Nazanin Zaghari-Ratcliffe, the British-Iranian woman jailed in Iran for alleged spying, is now in a hospital psychiatric ward, her husband says.
Richard Ratcliffe said he feared the Iranian Revolutionary Guard could be isolating his wife in a Tehran hospital to press her to sign denouncements.
It comes after Mrs Zaghari-Ratcliffe, 40, went on hunger strike for 15 days last month in protest at her detention.
She was jailed in 2016 after being convicted of spying, which she denies.
In a press release, the Free Nazanin Campaign said it was not known what treatment she was receiving or how long she was expected to remain in hospital.
Her father said he visited the hospital on Tuesday but was not allowed to see his daughter and that she has not been allowed to contact her family.
The campaign said before being transferred, Mrs Zaghari-Ratcliffe had told relatives: “I was healthy and happy when I came to Iran to see my parents.
“Three and a bit years later and I am admitted to a mental health clinic.
“Look at me now – I ended up in an asylum. It should be an embarrassment.
“Prison is getting harder and harder for me. I hate being played in the middle of a political game.
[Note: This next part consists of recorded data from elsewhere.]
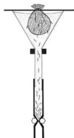
Gambar 2. Prinsip pemeriksaan dengan Baermann Technique (BM).

Prinsip dari pemeriksaan Baermann Technique seperti pada gambar 2. Pemeriksaan ini untuk mendeteksi larva stadium 3 helminth. Hal ini menggunakan prinsip bahwa larva dari kantung yang berisi feses aktif bermigrasi ke dalam corong air sehingga corong air yang diperiksa dengan mikroskop akan menunjukkan adanya larva stadium 3 dari helminth. Pemeriksaan ini dapat dilihat hasilnya kurang lebih setelah 30 menit. Biaya yang dikeluarkan dari pemeriksaan ini juga sangat murah.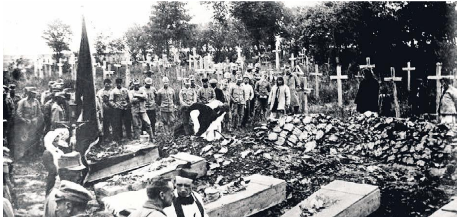
Pogrzeb ułanów poległych podczas szarży pod Rokitną (1915 r.)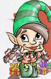
PRETTY 100% ELFETTA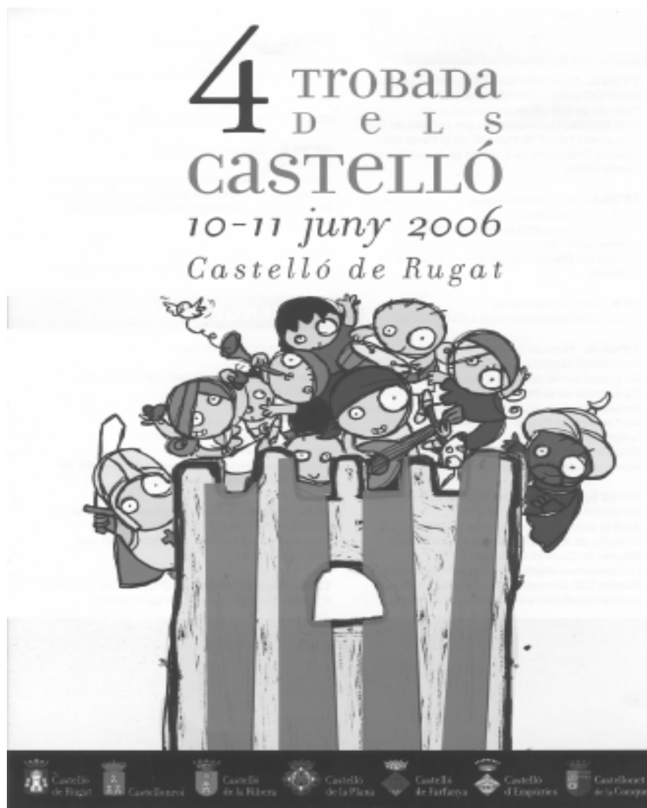
Cartell anunciador de la Trobada celebrada a Castelló de Rugat.

A les 11,30 hores van començar els actes oficials a la plaça 9 d'Octubre, amb la recepció dels Castelló participants i un passacarrer amenitzat per la colla de tabaletes i dolçainers de Castelló de la Plana i de Castelló de Rugat en el que es va recórrer el carrers cèntrics de la pobla-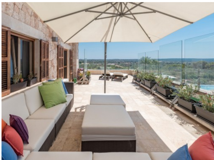
Loungebereich mit herrlichem Blick auf den Pool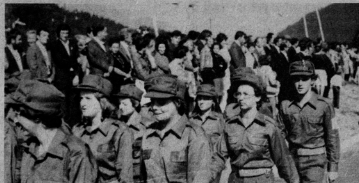
Mladinci prostovoljci – uspešno sodelovanje z njimi in vir kadrov obenem

večina rezervnih starešin, nekatere strelske organizacije, kot so Solčava in Luče, pa starešine tudi vodijo. Poleg teh in ostalih nalog so prvi v občini in hkrati najbolj odločno krenili v akcijo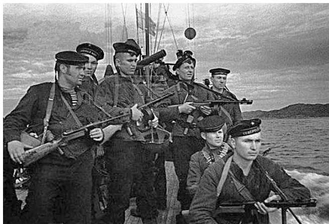
Пограничники в походе

границы. Каждый из укрепрайонов занимал до 100 км по фронту и не менее 50 км в глубину. Строили их не сами японцы, а китайцы и монголы, которых после завершения строительства японское командование расстреливало в целях сохранения тайны. Оно полагало, что маньчжурский железобетонный пояс неприступен, называло его «бансей дзиоокаку» – «вечная стена», точнее, «стена, запертая на замок навечно».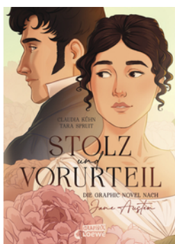
Stolz und Vorurteil - Die Graphic Novel nach Jane Austen

I just hate it.”
Her transfer follows her hunger strike last month in protest at her “unfair imprisonment”, during which time Mr Ratcliffe also did not eat and camped on the pavement outside the Iranian Embassy in London.
In January, Mrs Zaghari-Ratcliffe, from London, went on a three-day hunger strike in protest against being denied specialist medical care.
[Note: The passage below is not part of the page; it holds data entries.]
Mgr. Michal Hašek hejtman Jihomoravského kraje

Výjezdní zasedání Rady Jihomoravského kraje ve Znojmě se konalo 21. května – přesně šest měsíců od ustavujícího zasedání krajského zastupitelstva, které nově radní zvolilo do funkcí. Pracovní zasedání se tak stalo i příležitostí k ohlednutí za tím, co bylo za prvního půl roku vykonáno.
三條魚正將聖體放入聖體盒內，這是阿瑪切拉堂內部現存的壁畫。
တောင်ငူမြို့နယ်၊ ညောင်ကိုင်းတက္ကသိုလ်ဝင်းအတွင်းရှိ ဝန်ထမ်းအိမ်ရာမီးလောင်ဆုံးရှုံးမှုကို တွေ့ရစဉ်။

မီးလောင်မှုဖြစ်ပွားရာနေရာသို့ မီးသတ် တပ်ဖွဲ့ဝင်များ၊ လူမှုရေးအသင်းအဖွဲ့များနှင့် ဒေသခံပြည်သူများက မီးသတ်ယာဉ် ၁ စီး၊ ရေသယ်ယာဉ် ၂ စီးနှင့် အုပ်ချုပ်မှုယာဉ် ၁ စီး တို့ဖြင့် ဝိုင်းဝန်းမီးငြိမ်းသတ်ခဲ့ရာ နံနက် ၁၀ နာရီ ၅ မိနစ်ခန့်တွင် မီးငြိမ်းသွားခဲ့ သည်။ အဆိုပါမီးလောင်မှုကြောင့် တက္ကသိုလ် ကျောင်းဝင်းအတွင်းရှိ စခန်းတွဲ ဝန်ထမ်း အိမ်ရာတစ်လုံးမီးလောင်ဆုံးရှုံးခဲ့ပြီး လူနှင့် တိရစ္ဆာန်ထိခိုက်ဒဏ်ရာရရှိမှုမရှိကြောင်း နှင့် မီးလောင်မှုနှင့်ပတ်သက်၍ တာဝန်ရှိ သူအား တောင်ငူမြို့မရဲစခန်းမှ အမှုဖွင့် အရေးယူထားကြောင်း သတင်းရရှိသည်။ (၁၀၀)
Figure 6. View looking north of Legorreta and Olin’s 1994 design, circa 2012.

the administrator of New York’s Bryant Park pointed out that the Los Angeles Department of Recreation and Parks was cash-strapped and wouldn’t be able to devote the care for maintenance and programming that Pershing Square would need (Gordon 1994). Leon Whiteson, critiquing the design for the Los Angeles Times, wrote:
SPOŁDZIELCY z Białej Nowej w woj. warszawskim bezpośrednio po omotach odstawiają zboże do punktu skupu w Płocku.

Mr Ratcliffe said he had felt “euphoric” when he first heard his wife had been moved to a hospital. thinking it could be a prelude to getting treatment or even her release.
However, after her father was refused access to visit her in hospital or even allowed a phone call, the family has grown increasingly concerned.
“Are they isolating her again to squeeze her?” he said, in an interview on BBC Radio 4’s Today programme, suggesting the Iranian Revolutionary Guard may be putting pressure on her to sign various denouncements.
He said he had asked embassy officials to visit her as soon as possible.
Earlier he said it was “unnerving” not knowing what was happening, adding he would follow up the case with the next prime minister.
Earlier this year, foreign secretary and Tory leadership hopeful Jeremy Hunt granted Mrs Zaghari-Ratcliffe diplomatic protection in a bid to resolve her case.
In 2017 Boris Johnson, his rival to become Conservative leader and prime minister apologised after saying that Mrs Zaghari-Ratcliffe was in Iran “teaching people journalism” – despite her family’s insistence she was there to visit relatives.
He also told MPs the government was in “no doubt that Mrs Zaghari-Ratcliffe was in Iran on holiday and that was the sole purpose of her visit”.
He has repeatedly said the responsibility for her continued detention lies with the Revolutionary Guard.
In a statement, the Foreign Office said it was “extremely concerned about the welfare of Mrs Zaghari-Ratcliffe”.
A spokesman said: “We urge Iran to allow family members to visit and check on her care as a matter of urgency.
“We will continue to call for her release at the highest levels.”
Mrs Zaghari-Ratcliffe was arrested at Tehran’s Imam Khomeini Airport in April 2016 and has always maintained the visit was to introduce her daughter, Gabriella, to her relatives.
The couple’s five-year-old daughter, Gabriella, has stayed in Iran with her grandparents since her mother’s arrest.
Before being transferred, she was being detained in Tehran’s Evin Prison.